## Dataset content
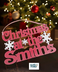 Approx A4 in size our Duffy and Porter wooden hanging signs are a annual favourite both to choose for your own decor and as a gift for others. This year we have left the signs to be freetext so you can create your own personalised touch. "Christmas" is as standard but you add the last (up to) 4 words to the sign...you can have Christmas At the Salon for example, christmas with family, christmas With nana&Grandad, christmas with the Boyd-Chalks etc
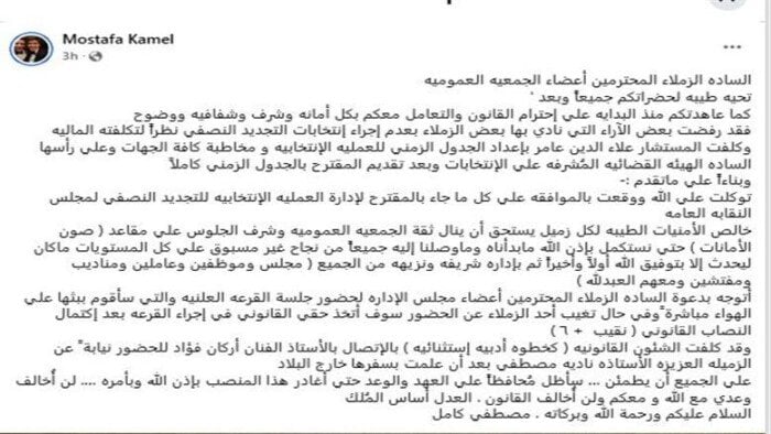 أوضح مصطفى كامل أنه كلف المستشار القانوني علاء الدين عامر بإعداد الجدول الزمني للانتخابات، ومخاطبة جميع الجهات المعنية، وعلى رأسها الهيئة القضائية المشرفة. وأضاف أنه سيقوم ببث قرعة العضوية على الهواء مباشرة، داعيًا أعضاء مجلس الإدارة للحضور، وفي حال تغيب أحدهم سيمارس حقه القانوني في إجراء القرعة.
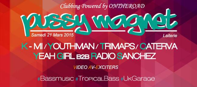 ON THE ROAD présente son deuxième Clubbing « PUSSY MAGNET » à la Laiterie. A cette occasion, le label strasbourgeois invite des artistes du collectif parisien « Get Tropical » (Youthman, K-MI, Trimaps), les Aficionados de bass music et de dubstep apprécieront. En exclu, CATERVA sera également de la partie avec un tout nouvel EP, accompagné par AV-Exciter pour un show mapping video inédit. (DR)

## What you need to do
Starting at the line that holds "أوضح مصطفى كامل" and ending at the last line of the material above, repeat each line exactly, both ends included, and leave the pictures out.

## Answer for the task
 أوضح مصطفى كامل أنه كلف المستشار القانوني علاء الدين عامر بإعداد الجدول الزمني للانتخابات، ومخاطبة جميع الجهات المعنية، وعلى رأسها الهيئة القضائية المشرفة. وأضاف أنه سيقوم ببث قرعة العضوية على الهواء مباشرة، داعيًا أعضاء مجلس الإدارة للحضور، وفي حال تغيب أحدهم سيمارس حقه القانوني في إجراء القرعة.
 ON THE ROAD présente son deuxième Clubbing « PUSSY MAGNET » à la Laiterie. A cette occasion, le label strasbourgeois invite des artistes du collectif parisien « Get Tropical » (Youthman, K-MI, Trimaps), les Aficionados de bass music et de dubstep apprécieront. En exclu, CATERVA sera également de la partie avec un tout nouvel EP, accompagné par AV-Exciter pour un show mapping video inédit. (DR)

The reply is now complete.